The stent, yes. The statement that we got -- I mean, it was really a very big moment for us. But if you'll imagine, in the launch phase, it's pretty small beer. But it's important from our point of view, because it's the start of a revenue stream, of a royalty stream, which obviously in its nature comes in at 100% margin. And we're obviously entirely dependent on how successful BIOTRONIK are with that product. But while we are not medics, the early indications seem extremely promising. We have results seem to be very good to us. And so I'd be very disappointed if that didn't turn into a material revenue stream over the next couple of years. I do expect it to be a significant positive benefit in 2017. The statement was important to us because it sets down there in black and white what the financial arrangements are between us. And everything was entirely in line with what we expected.

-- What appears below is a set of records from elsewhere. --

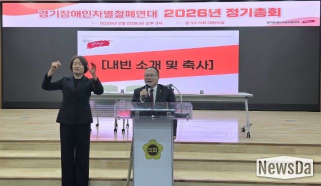 뉴스다 최광묵 기자 | 경기도의회 보건복지위원회 박재용 의원(더불어민주당, 비례)은 20일 경기도의회 대회의실에서 열린 ‘경기장애인차별철폐연대 2026년 정기총회’에 참석해 축사를 통해 장애인 정책의 기본 방향으로 “시혜가 아닌 권리”라는 원칙을 강조했다.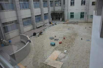 サブグラウンドの手洗い場が仕上げに入っています。中庭はタイルが敷き詰められました。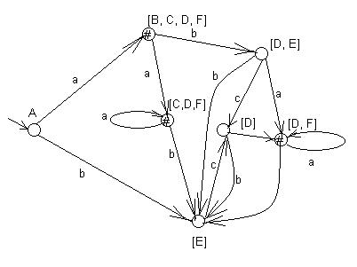 | F(A, a) = [B,C, D, F] F(A, b) = [E] F(A,c) = Æ | F([B, C, D, F], a) = [C,D, F], F([B, C, D, F], b) = [D, E], F([B, C, D, F], c) = Æ, | F([E], a) = Æ, F([E], b) = Æ, F([E], c) = [D], |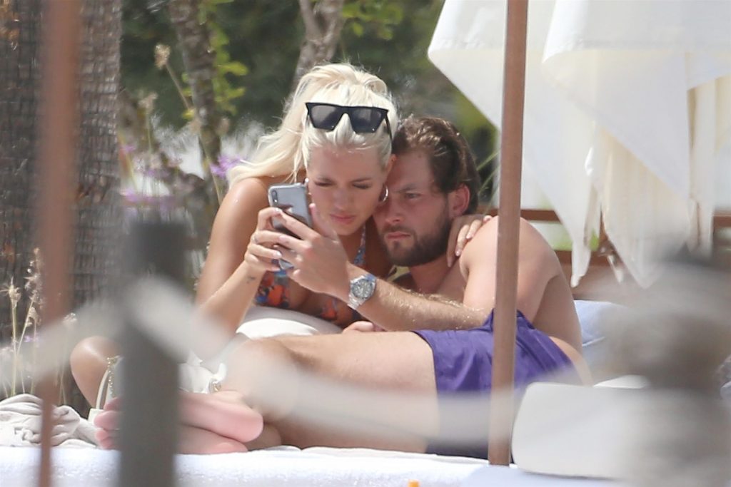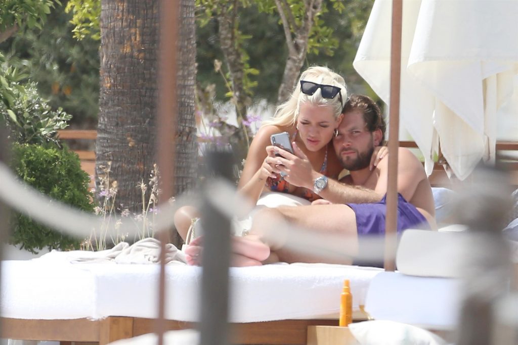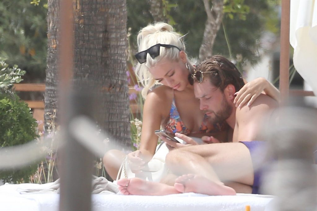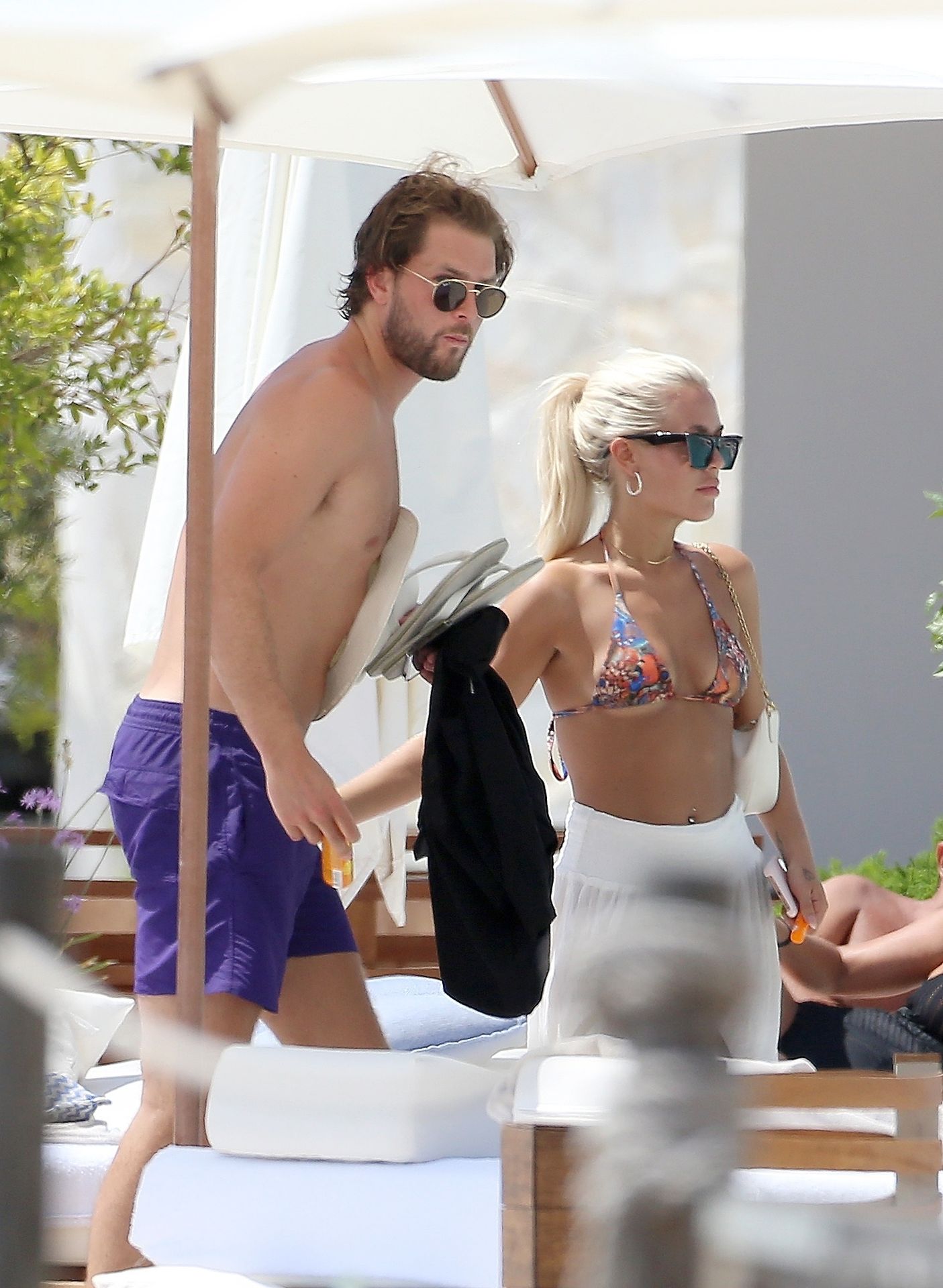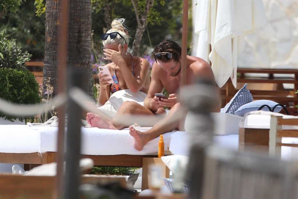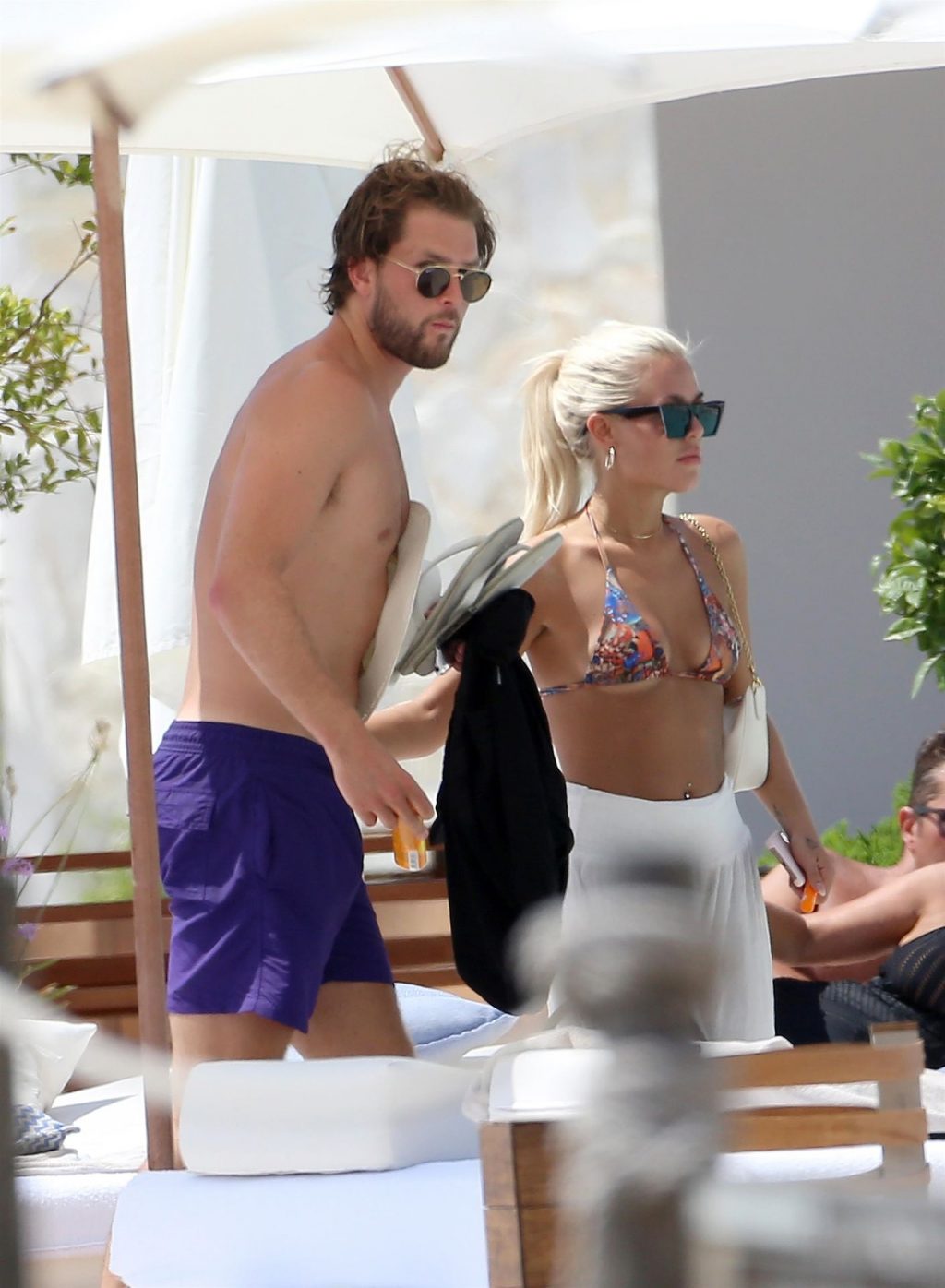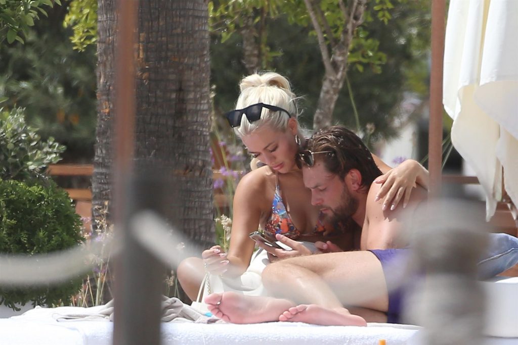 Льюис Бертон и Лотти Томлинсон (22) запечатлены во время своего отпуска на Ибице после того, как они недавно подтвердили свои романтические отношения, 23.08.2020.

It's just nice to get that one under our belt.

Philip Gibbs

Analyst · KeyBanc.

So just to reiterate on that, Brian, you are anticipating that the stent business will be nice incremental contributor to next year?

Brian Purves

Analyst · KeyBanc.

Yes, when I said there were a number of things now in the market or in the schedule for 2017, the stent was certainly in there, as indeed is the Superform increasing capacity, and a couple of other medical products that we have -- have had a long gestation period. So I do think that in 2017, we should start to see in aggregate and progressive event.

Operator

Operator

At this time, there are no further questions in queue. I will now turn the conference back to Mr. Brian Purves for closing remarks. This concludes today's conference call. You may now disconnect.